Raw data ::
☆ ☆ ☆ ☆ ☆
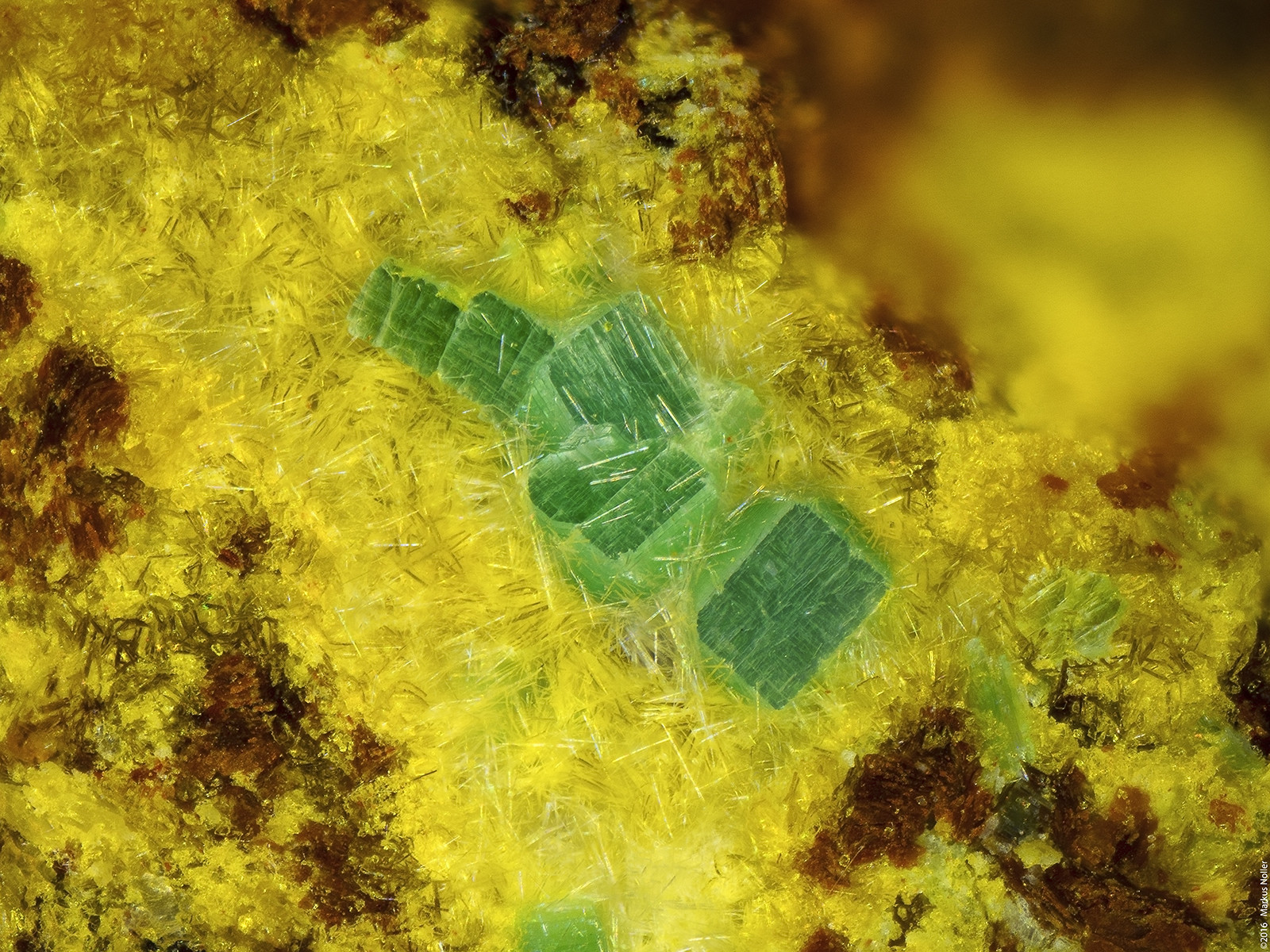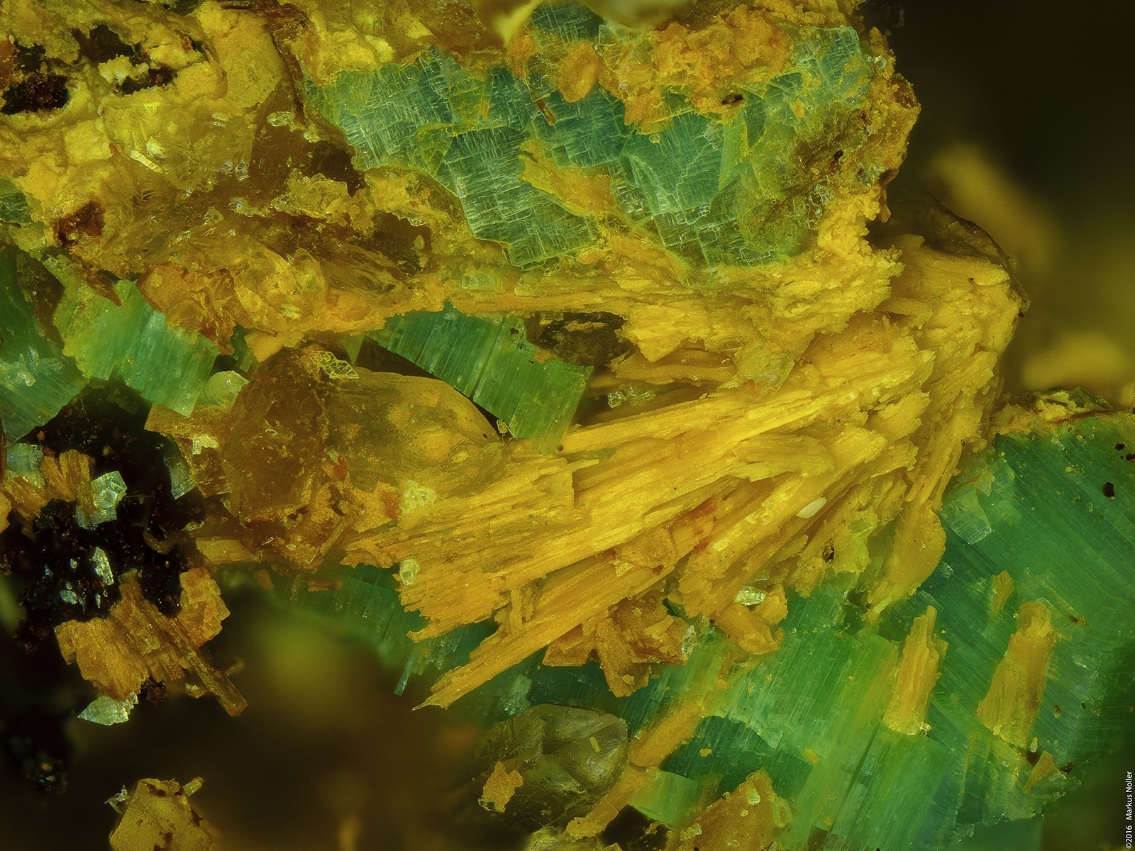 Meta-Ankoleit (grün) mit Chernikovit xx (gelb) vom Stbr. Rockelmann/Schwarzenberg/Erzgebirge. Die Bildbreite beträgt ca. 1,6mm mit dem 10er Mitu:
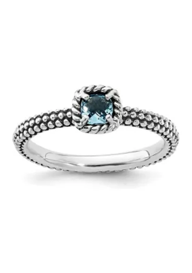 1/4 ct. t.w. Checker-cut Blue Topaz Antiqued Stackable Expressions Ring Sterling Silver
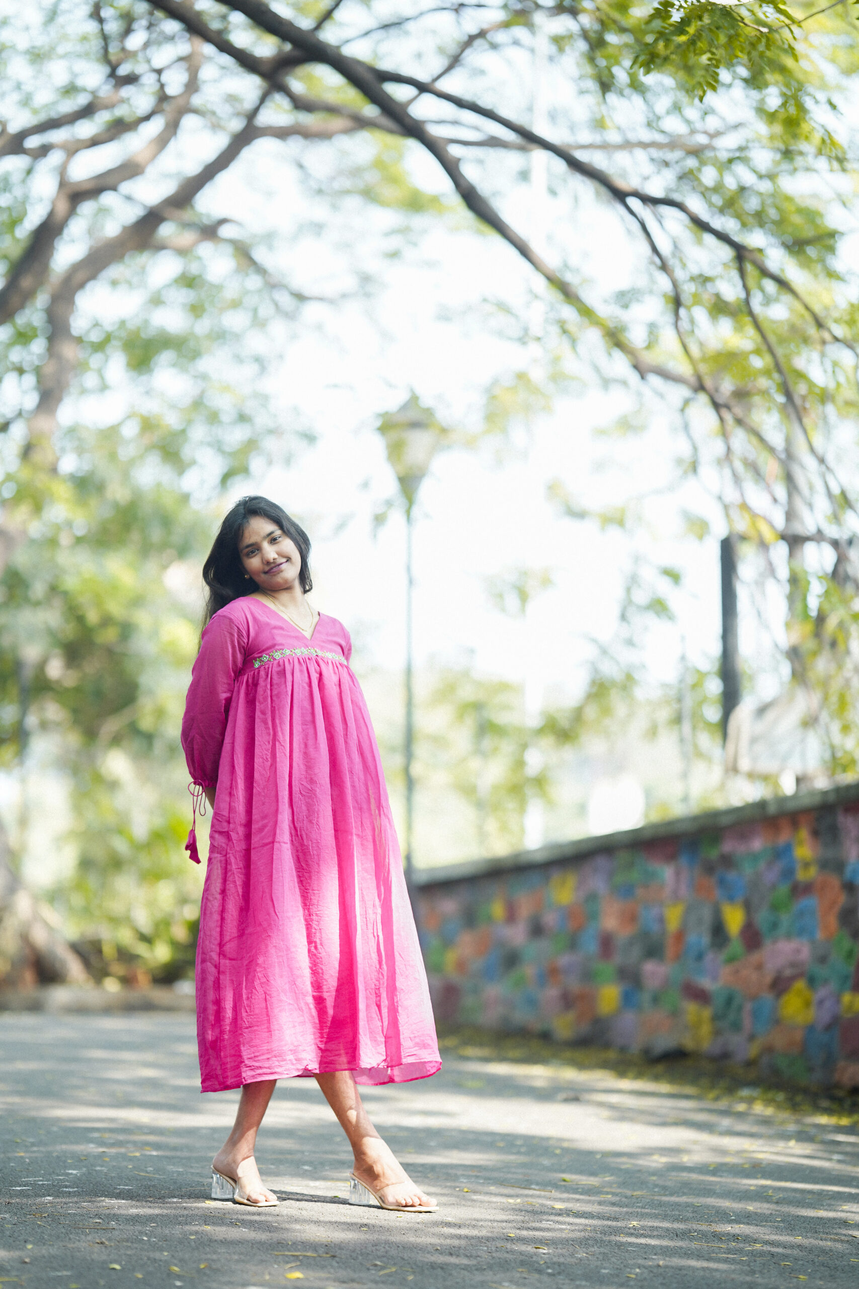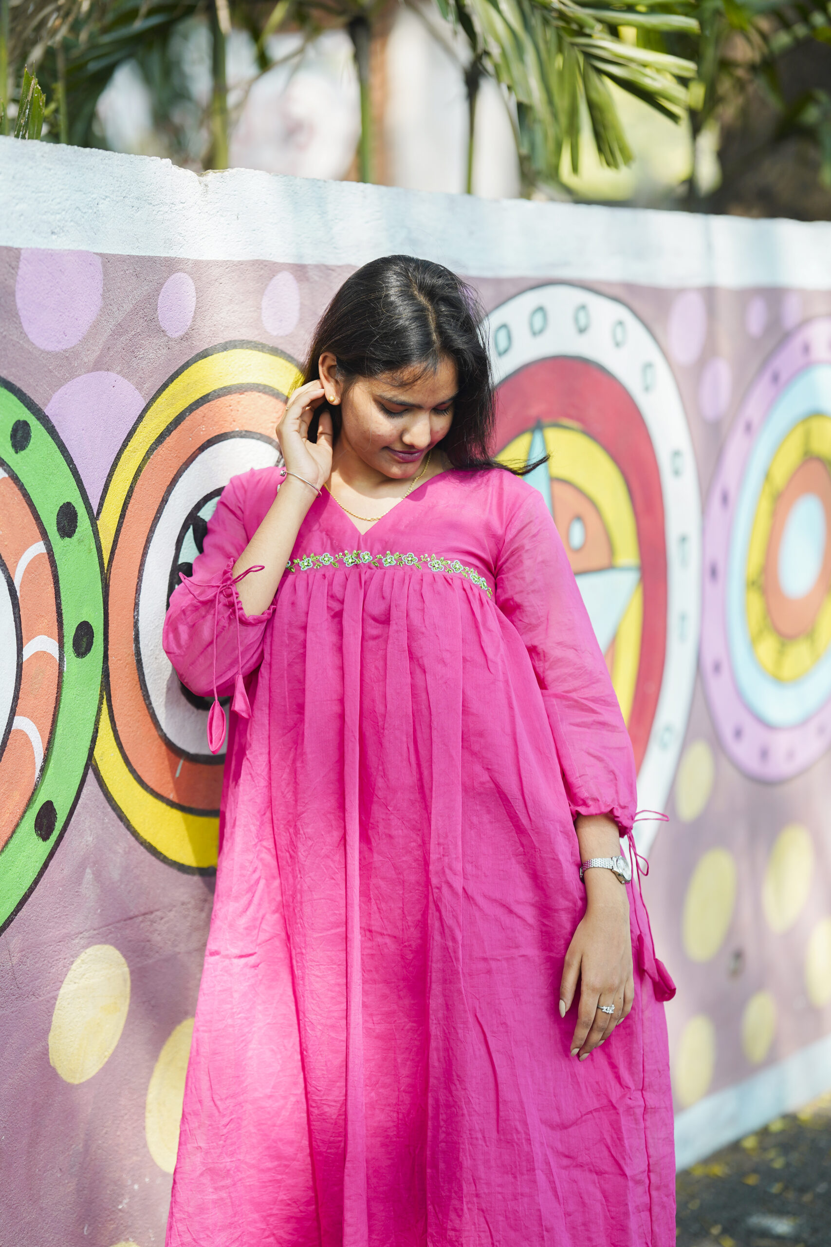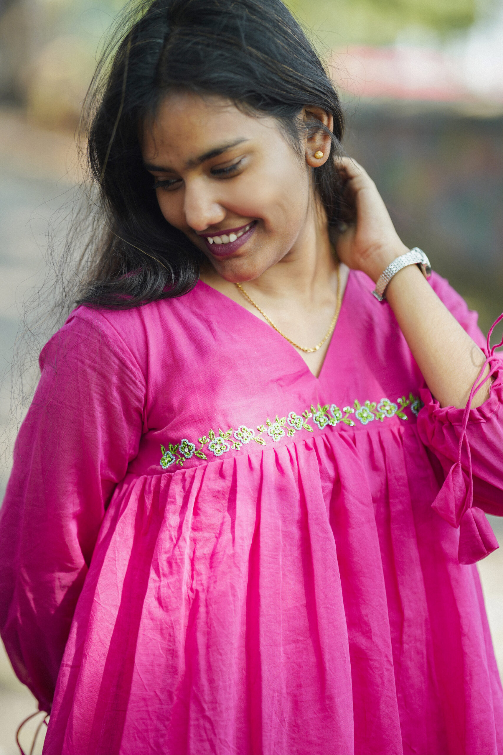 A vibrant pink flowy dress designed for effortless everyday elegance. Featuring a soft V-neckline with delicate detailing and a relaxed silhouette, this breezy piece is perfect for casual outings, daytime festivities, and comfort-led style.
☆ ☆ ☆ ☆ ☆
Exercise objective ::
Leaving the pictures out, give back each line above exactly.

Reply ::
 Meta-Ankoleit (grün) mit Chernikovit xx (gelb) vom Stbr. Rockelmann/Schwarzenberg/Erzgebirge. Die Bildbreite beträgt ca. 1,6mm mit dem 10er Mitu:
 1/4 ct. t.w. Checker-cut Blue Topaz Antiqued Stackable Expressions Ring Sterling Silver
 A vibrant pink flowy dress designed for effortless everyday elegance. Featuring a soft V-neckline with delicate detailing and a relaxed silhouette, this breezy piece is perfect for casual outings, daytime festivities, and comfort-led style.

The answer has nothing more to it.